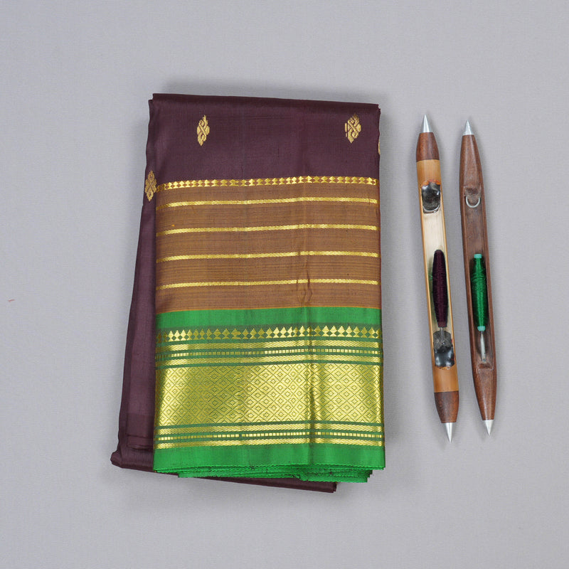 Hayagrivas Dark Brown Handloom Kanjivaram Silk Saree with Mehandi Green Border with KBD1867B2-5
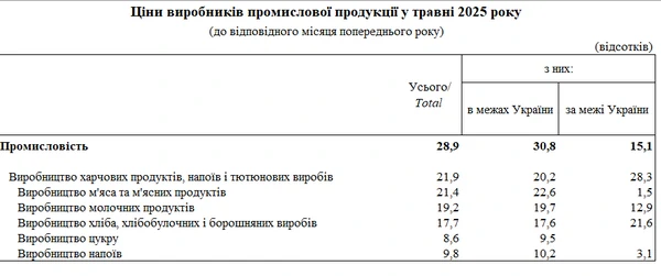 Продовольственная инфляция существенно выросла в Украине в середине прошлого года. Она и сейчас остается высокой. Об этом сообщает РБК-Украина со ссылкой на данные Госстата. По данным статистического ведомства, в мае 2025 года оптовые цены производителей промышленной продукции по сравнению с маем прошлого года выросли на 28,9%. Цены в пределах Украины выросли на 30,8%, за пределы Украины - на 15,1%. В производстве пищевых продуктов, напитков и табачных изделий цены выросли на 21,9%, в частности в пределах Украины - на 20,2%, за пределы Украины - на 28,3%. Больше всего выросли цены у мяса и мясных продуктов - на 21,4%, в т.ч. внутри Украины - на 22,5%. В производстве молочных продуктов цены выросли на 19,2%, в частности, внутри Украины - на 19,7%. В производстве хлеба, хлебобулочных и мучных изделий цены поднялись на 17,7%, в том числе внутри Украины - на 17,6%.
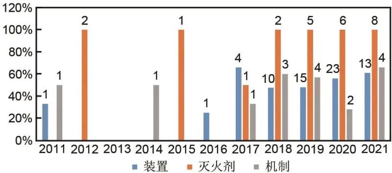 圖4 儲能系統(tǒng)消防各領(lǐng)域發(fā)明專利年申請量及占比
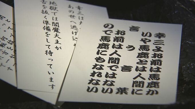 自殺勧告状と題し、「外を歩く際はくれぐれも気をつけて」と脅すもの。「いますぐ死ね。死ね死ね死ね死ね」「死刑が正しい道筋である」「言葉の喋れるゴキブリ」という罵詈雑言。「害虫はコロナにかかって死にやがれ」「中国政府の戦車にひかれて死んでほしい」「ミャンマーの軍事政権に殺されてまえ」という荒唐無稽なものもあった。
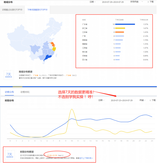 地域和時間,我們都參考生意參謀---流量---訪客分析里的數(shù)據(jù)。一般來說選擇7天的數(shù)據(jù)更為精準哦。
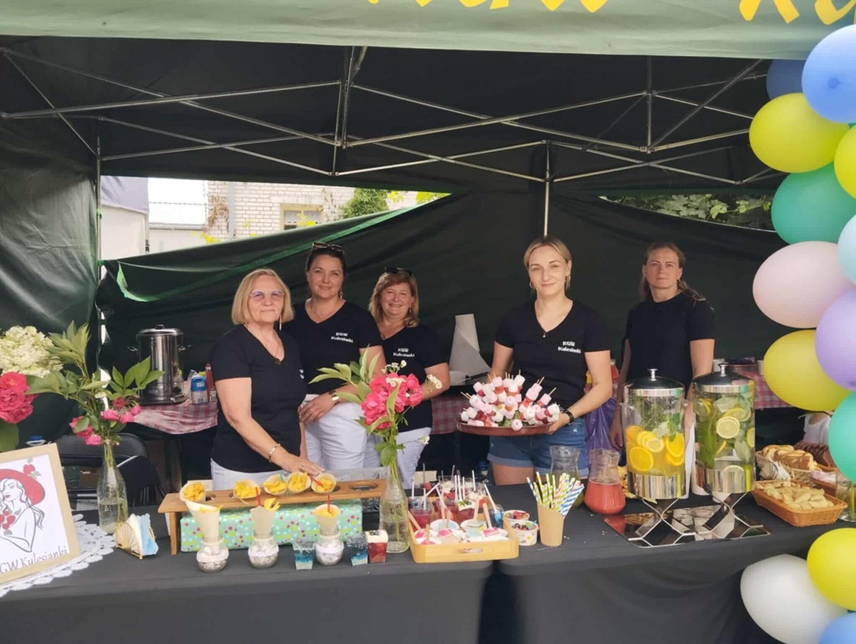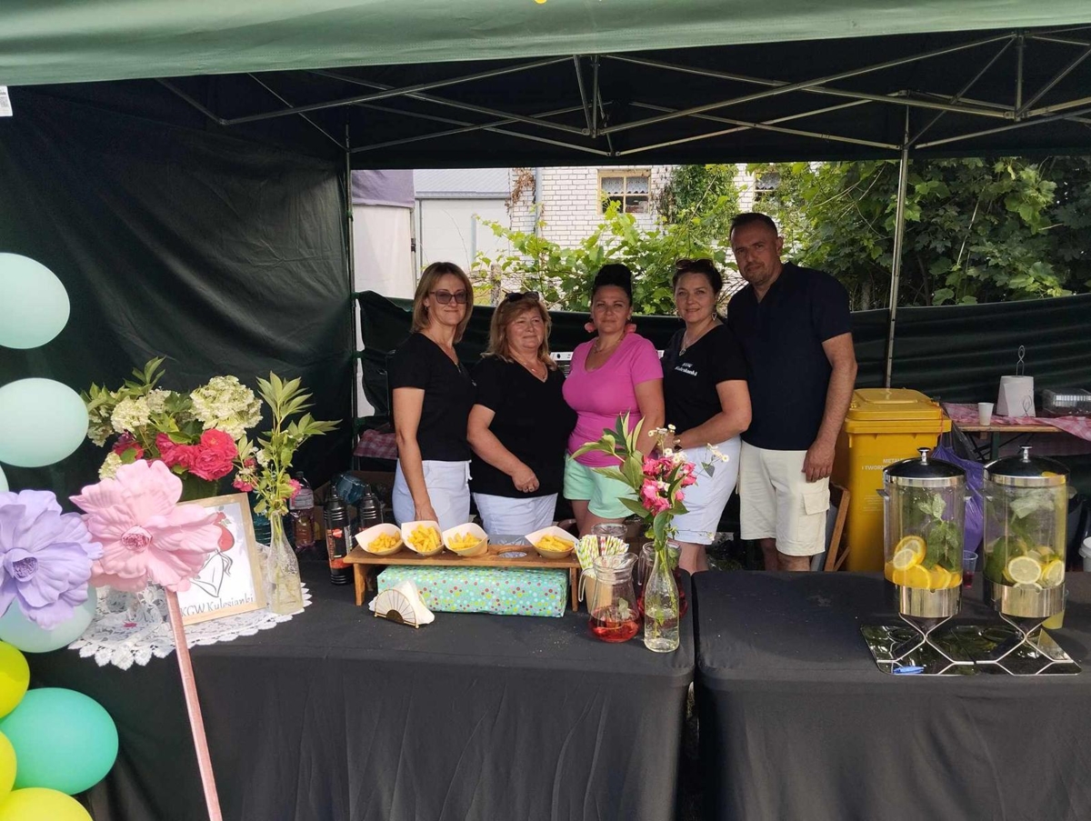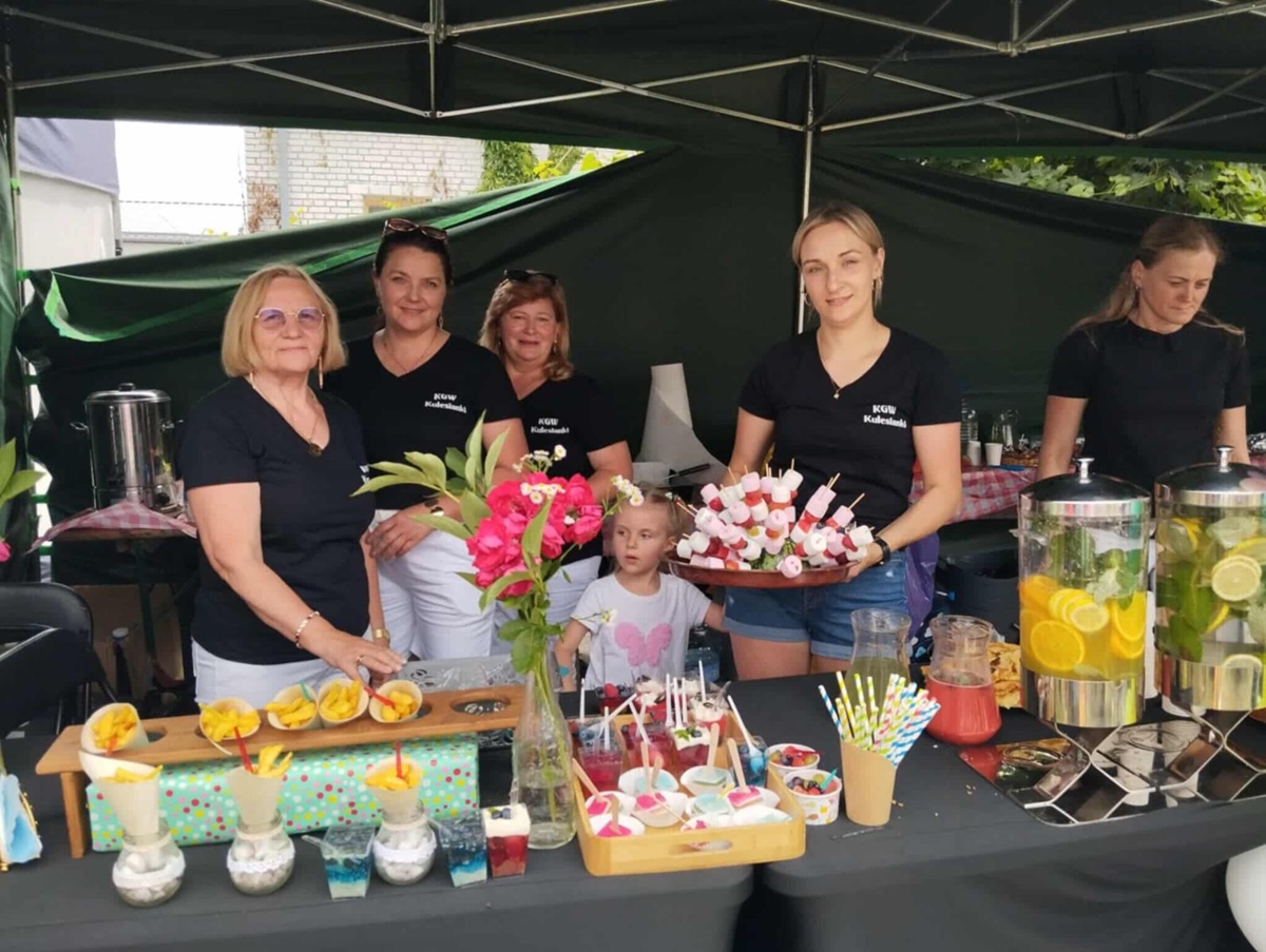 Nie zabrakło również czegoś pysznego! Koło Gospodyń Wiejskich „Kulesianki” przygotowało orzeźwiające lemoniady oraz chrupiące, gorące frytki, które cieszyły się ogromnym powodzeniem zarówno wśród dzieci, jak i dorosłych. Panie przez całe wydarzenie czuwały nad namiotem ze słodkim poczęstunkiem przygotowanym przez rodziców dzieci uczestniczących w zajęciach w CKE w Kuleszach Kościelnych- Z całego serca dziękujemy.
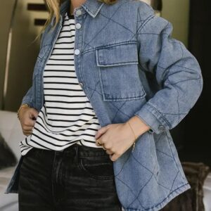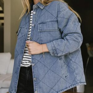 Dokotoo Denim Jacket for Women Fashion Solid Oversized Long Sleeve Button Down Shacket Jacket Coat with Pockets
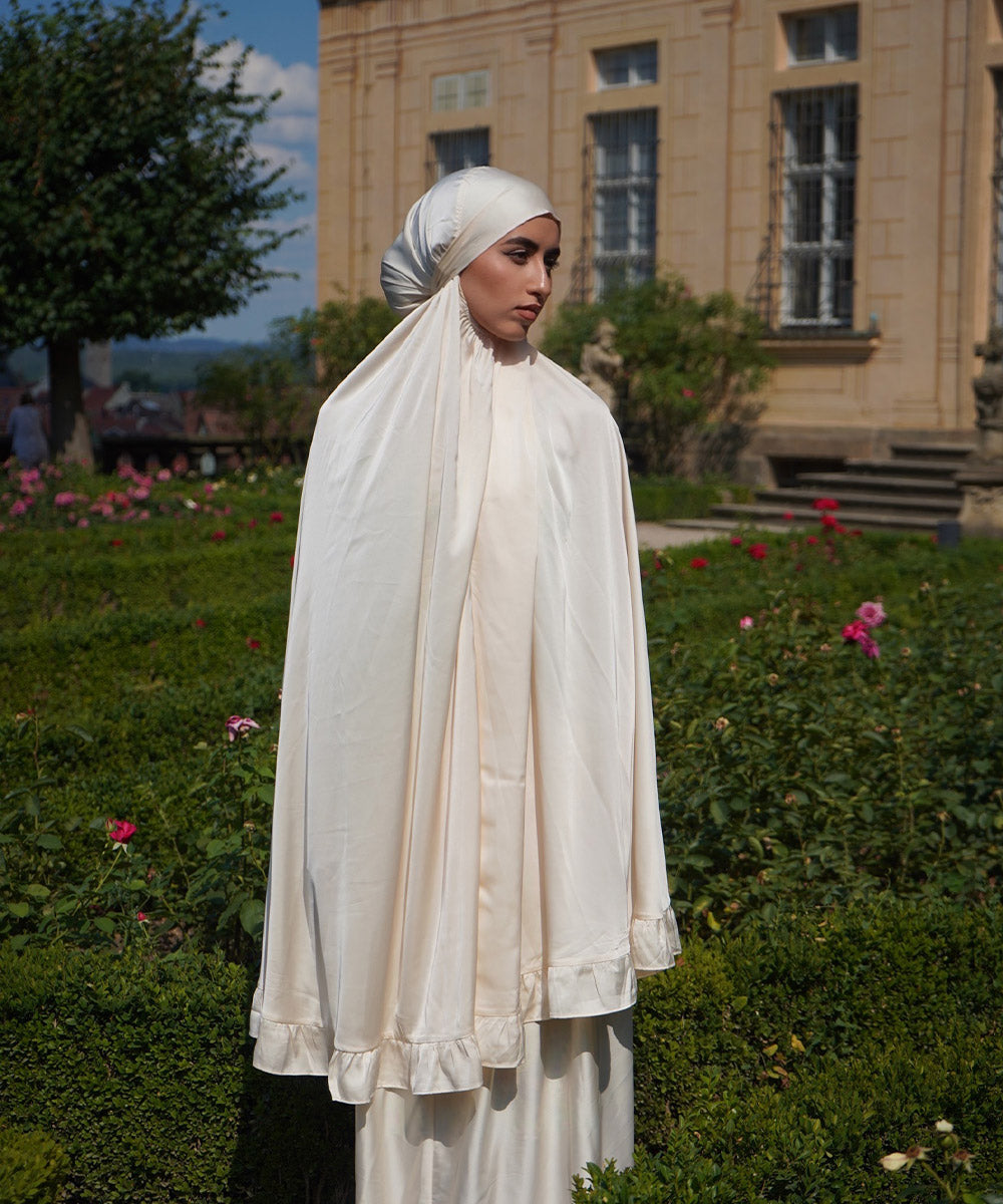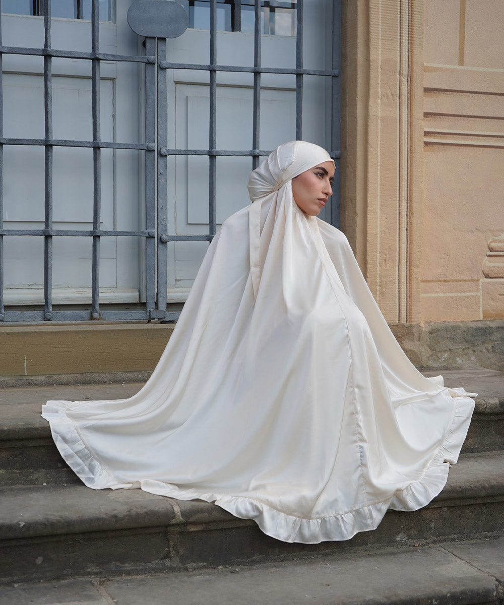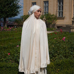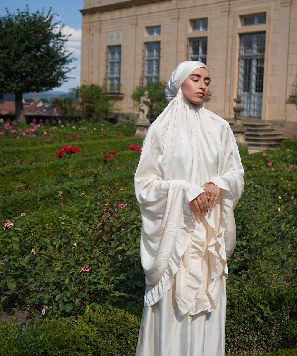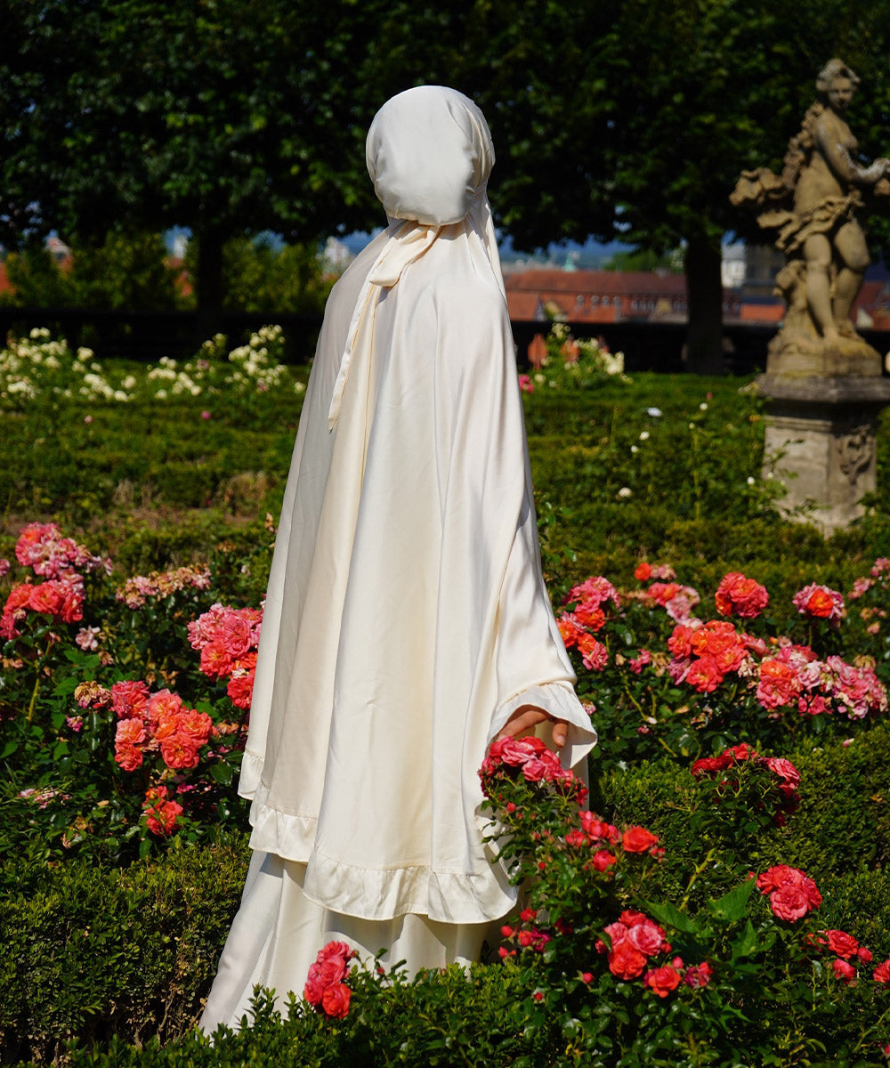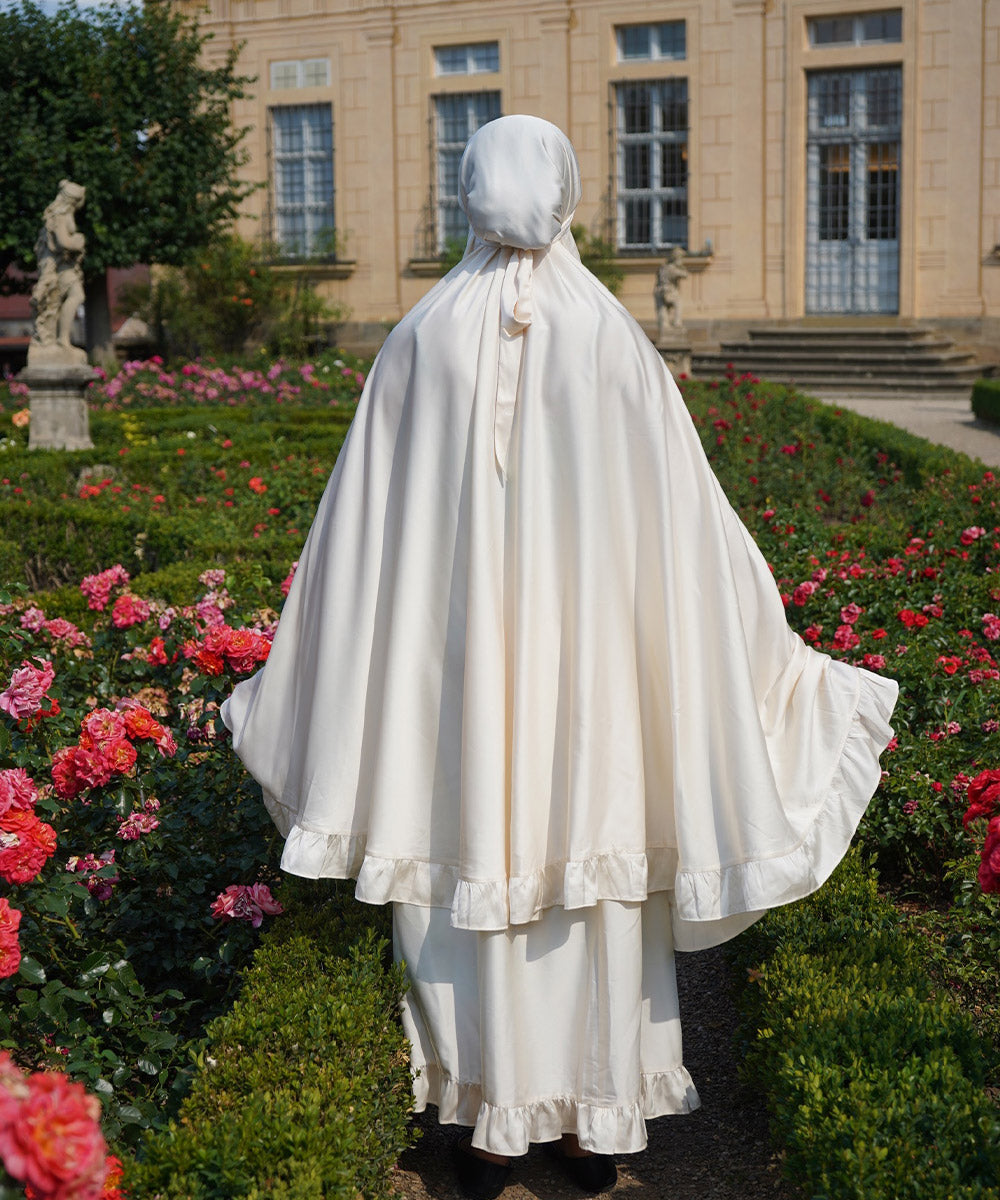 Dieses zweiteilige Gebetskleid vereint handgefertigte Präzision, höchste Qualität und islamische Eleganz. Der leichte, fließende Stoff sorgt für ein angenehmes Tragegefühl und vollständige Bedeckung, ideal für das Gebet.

● **What you need to do**:
Return the lines of the data above in full and exactly, with no pictures.

● **Task solution**:
 Hayagrivas Dark Brown Handloom Kanjivaram Silk Saree with Mehandi Green Border with KBD1867B2-5
 Продовольственная инфляция существенно выросла в Украине в середине прошлого года. Она и сейчас остается высокой. Об этом сообщает РБК-Украина со ссылкой на данные Госстата. По данным статистического ведомства, в мае 2025 года оптовые цены производителей промышленной продукции по сравнению с маем прошлого года выросли на 28,9%. Цены в пределах Украины выросли на 30,8%, за пределы Украины - на 15,1%. В производстве пищевых продуктов, напитков и табачных изделий цены выросли на 21,9%, в частности в пределах Украины - на 20,2%, за пределы Украины - на 28,3%. Больше всего выросли цены у мяса и мясных продуктов - на 21,4%, в т.ч. внутри Украины - на 22,5%. В производстве молочных продуктов цены выросли на 19,2%, в частности, внутри Украины - на 19,7%. В производстве хлеба, хлебобулочных и мучных изделий цены поднялись на 17,7%, в том числе внутри Украины - на 17,6%.
 圖4 儲能系統(tǒng)消防各領(lǐng)域發(fā)明專利年申請量及占比
 自殺勧告状と題し、「外を歩く際はくれぐれも気をつけて」と脅すもの。「いますぐ死ね。死ね死ね死ね死ね」「死刑が正しい道筋である」「言葉の喋れるゴキブリ」という罵詈雑言。「害虫はコロナにかかって死にやがれ」「中国政府の戦車にひかれて死んでほしい」「ミャンマーの軍事政権に殺されてまえ」という荒唐無稽なものもあった。
 地域和時間,我們都參考生意參謀---流量---訪客分析里的數(shù)據(jù)。一般來說選擇7天的數(shù)據(jù)更為精準哦。
 Nie zabrakło również czegoś pysznego! Koło Gospodyń Wiejskich „Kulesianki” przygotowało orzeźwiające lemoniady oraz chrupiące, gorące frytki, które cieszyły się ogromnym powodzeniem zarówno wśród dzieci, jak i dorosłych. Panie przez całe wydarzenie czuwały nad namiotem ze słodkim poczęstunkiem przygotowanym przez rodziców dzieci uczestniczących w zajęciach w CKE w Kuleszach Kościelnych- Z całego serca dziękujemy.
 Dokotoo Denim Jacket for Women Fashion Solid Oversized Long Sleeve Button Down Shacket Jacket Coat with Pockets
 Dieses zweiteilige Gebetskleid vereint handgefertigte Präzision, höchste Qualität und islamische Eleganz. Der leichte, fließende Stoff sorgt für ein angenehmes Tragegefühl und vollständige Bedeckung, ideal für das Gebet.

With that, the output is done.